I’m getting hangs with these “Xid” messages on my new PC, which has a Gigabyte GTX 780, whereby a single application — usually a game, though I suspect this might have hit KWin or X11 at some point, as I’ve had a few system-wide hangs — will have its graphics hang and one of the messages below appear in the kernel log. Sometimes a new frame (or part thereof) will be rendered, though it will sometimes have graphical “glitches”, either as though only part of the display (usually in a few contiguous rectangular regions) will update (typically the very edge of the screen will not).

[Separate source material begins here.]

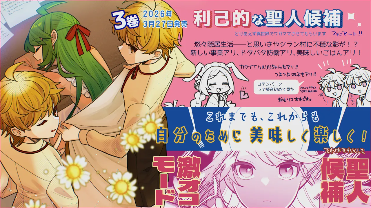 【利己的な聖人候補 とりあえず異世界でワガママさせてもらいます】の3巻が2026年3月26日に発売となりました。

While I’ve definitely had this issue in the recent port of Portal 2, it appears very quickly (within a minute or two of starting) and reproducibly in both “Crusader Kings 2” and Double Fine’s “Steed” prototype from the 2014 “Amnesia Fortnight”, running under wine 1.7.13. Most other OpenGL programs (including many games, albeit usually less taxing ones) can run for a considerable time with no such problems.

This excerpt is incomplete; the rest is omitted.